Critic of Islam (born 1946)

Ibn Warraq (born 1946) is the pen name of an anonymous author critical of Islam. He is the founder of the Institute for the Secularisation of Islamic Society and used to be a senior research fellow at the Center for Inquiry, focusing on Quranic criticism. Warraq is the vice-president of the World Encounter Institute.
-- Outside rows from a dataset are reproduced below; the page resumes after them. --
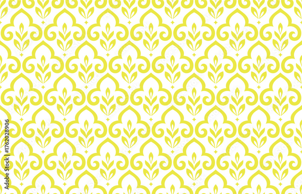 Flower geometric pattern. Seamless vector background. White and yellow ornament #1762028906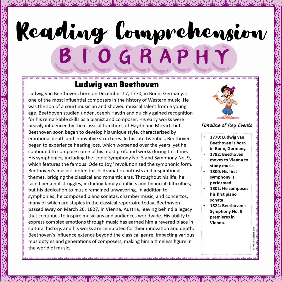 Ludwig van Beethoven | Biography Reading Comprehension and Questions Worksheet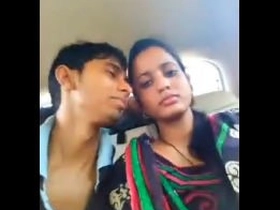 Shy Indian girlfriend kisses her partner in the car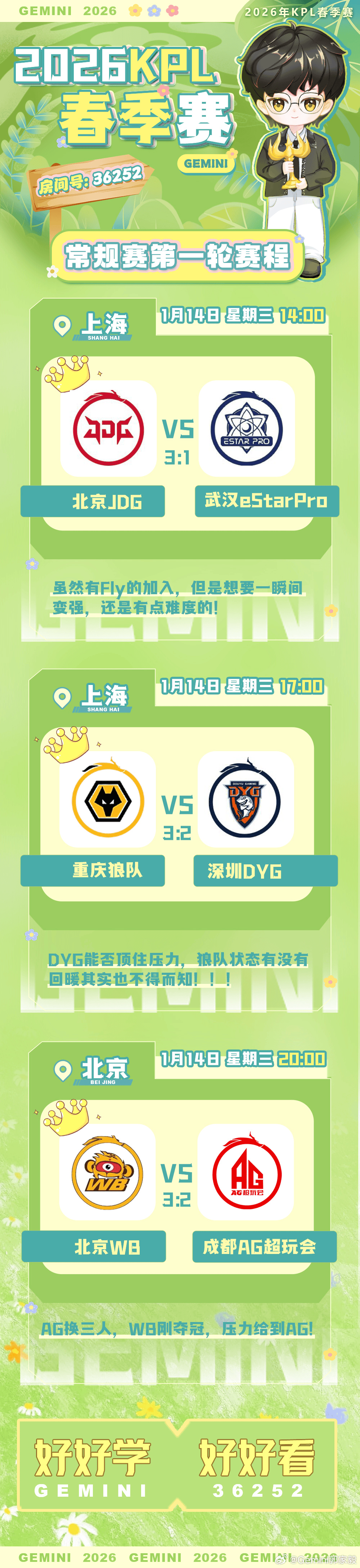 虎扑01月14日讯Gemini预测春季赛首日赛果:狼队3-2DYG,WB3-2AG超玩会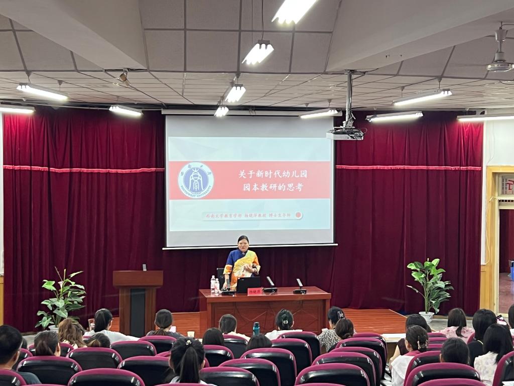 6月30日,西南大学教育学部杨晓萍教授、杨雄博士、西北师范大学郑名教授,分别为“国培计划(2024)”农村幼儿园骨干园长培训项目班学员作了“新时代幼儿园园本教研的思考”“幼儿园园本课程建构理路与实操”和“《幼儿园保育与教育质量评估指南》解读”的学术报告。“国培计划(2024)”农村幼儿园骨干园长培训项目培训班200名学员、张掖市教育局选派的100名园长、甘州区部分幼儿园教师和太阳成集团tyc122cc学前教育专业师生共300余人参加了报告会。

Warraq has written historiographies of the early centuries of the Islamic timeline and has published works which question mainstream conceptions of the period. The pen name Ibn Warraq (ابن وراق, most literally "son of a papermaker") is used due to his concerns for his personal safety; Warraq stated, "I was afraid of becoming the second Salman Rushdie." It is a name that has been adopted by dissident authors throughout the history of Islam. The name refers to the 9th-century skeptical scholar Abu Isa al-Warraq. Warraq adopted the pseudonym in 1995 when he completed his first book, entitled Why I Am Not a Muslim.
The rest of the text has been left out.